Novel Inorganic‐Organic Dual‐Photosensitizing Dinuclear‐Metal Self‐Assembly System for Efficient Artificial Photosynthesis without Sacrificial Electron Donors

Abstract Owing to the unique synergistic effect, dinuclear‐metal‐molecule‐catalysts (DMCs) show excellent performance in catalytic fields. However, for overall photocatalytic CO 2 reaction (CO 2 RR), it is still a challenge to construct well‐matched photosensitizer (PS) components for DMCs‐based photocatalysts.
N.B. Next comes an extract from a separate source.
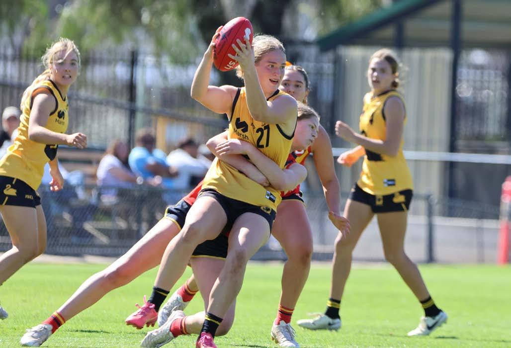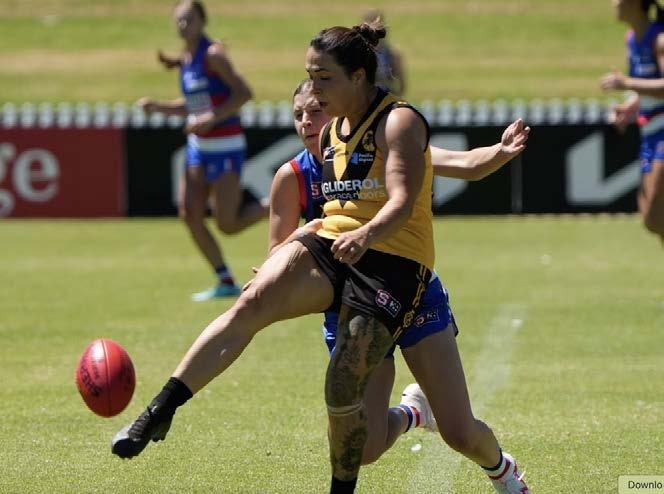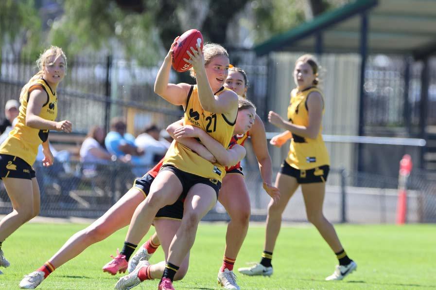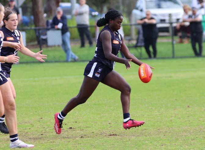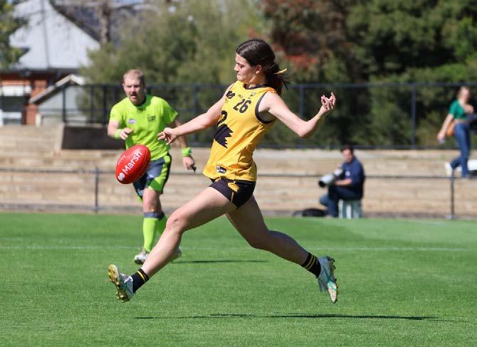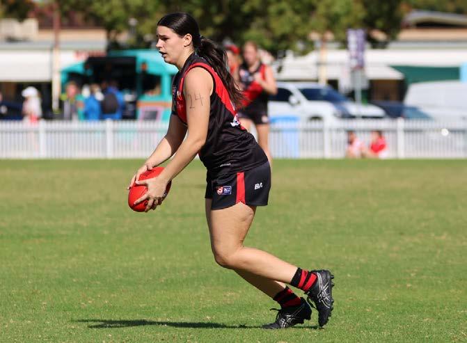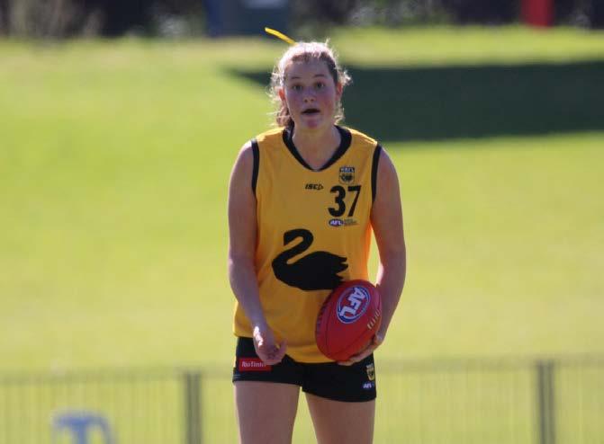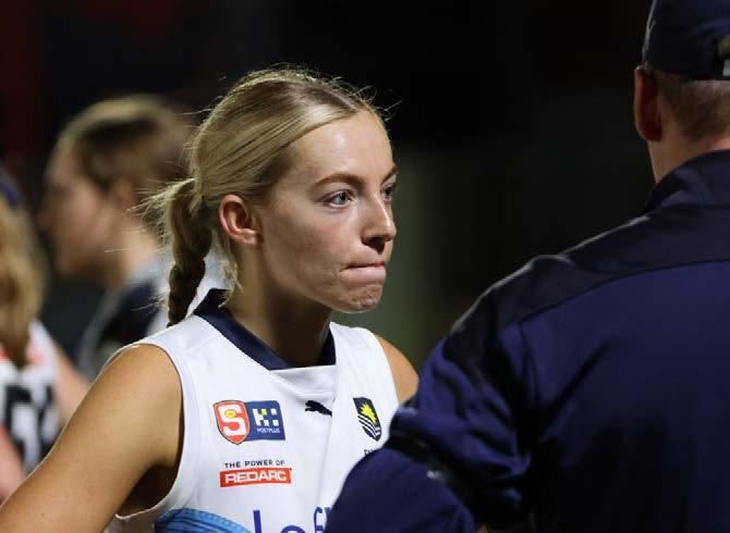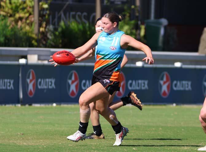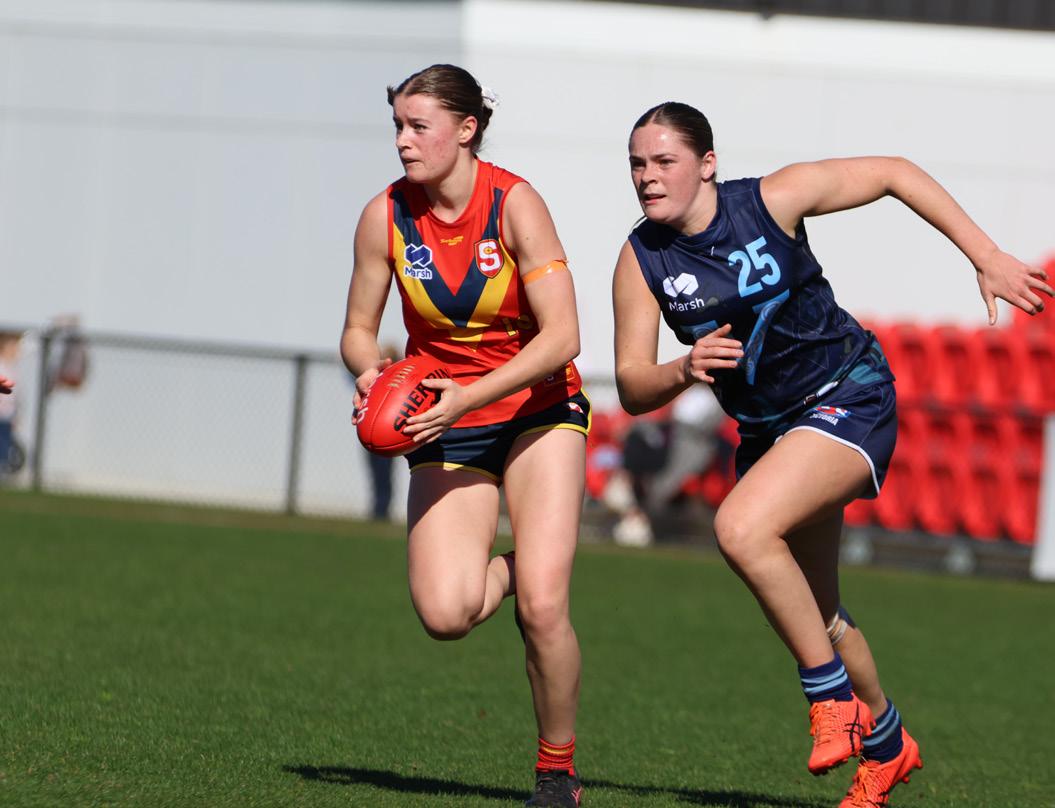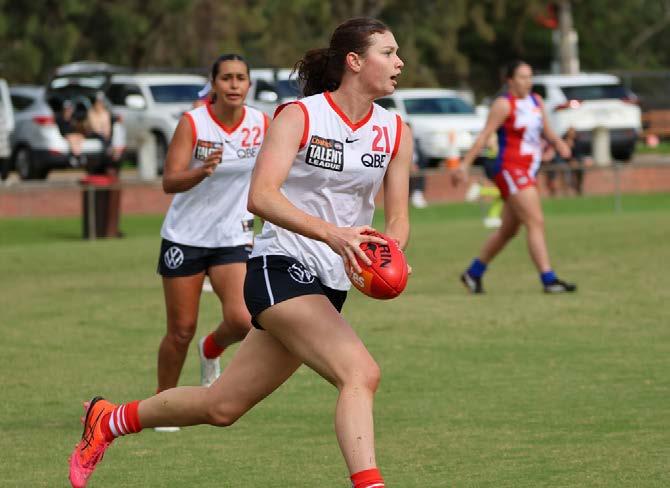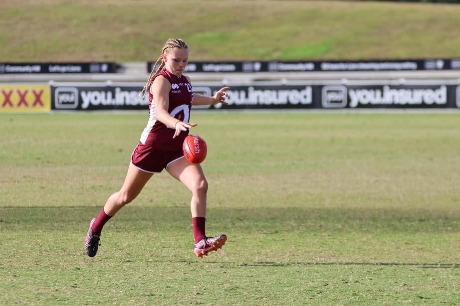 formulative years of footy, Evans got her chance in 2021 where she booted 12 goals across 24 games playing in both the Under 15s and Under 16s sides. Her double bottom-age season in 2022 brought about change though as she caught the eye playing through the Under 16s side and when whispers started circulating that there was a highly talented local player with elite footskills making her way through the pathway, it caught the attention of South Australian

Inorganic‐quantum‐dot PS possesses capacities of multiple exciton generation and catalyzing water oxidation but is incompatible with DMCs. In contrast, organic PS can be covalently linked with DMCs but inescapable of using sacrificial electron donors. For overall photocatalytic CO 2 RR, organic–inorganic dual‐photosensitizing system might be a promising candidate. Herein, we employed covalent‐linking and electrostatic‐driven approaches to construct the self‐assembly of pyrene‐sensitized Co 2 L DMCs (Py‐Co 2 L) and perovskite (PVK) quantum dots, i.e., PVK@[Py‐Co 2 L]. Using H 2 O as an electron donor, PVK@[Py‐Co 2 L] realized 105.24 μmol ⋅ g −1 ⋅h −1 CO yield in photocatalytic CO 2 RR, much higher than PVK (15.44 μmol ⋅ g −1 ⋅h −1 ) and PVK@Co 2 L (32.30 μmol ⋅ g −1 ⋅ h −1 ), ascribing to the efficient photogenerated charge separation and transfer. The experimental results and theoretical investigations demonstrated that the pyrene linked on Co 2 L boosted the electron delivery from PVK to DMCs. Besides, this strategy could also be extended to the photocatalytic H 2 evolution coupled with alcohol oxidation. As a proof‐of‐concept, our work lightens the integration of DMCs, organic and inorganic PS components, promoting the development of photocatalysis without sacrificial electron donors.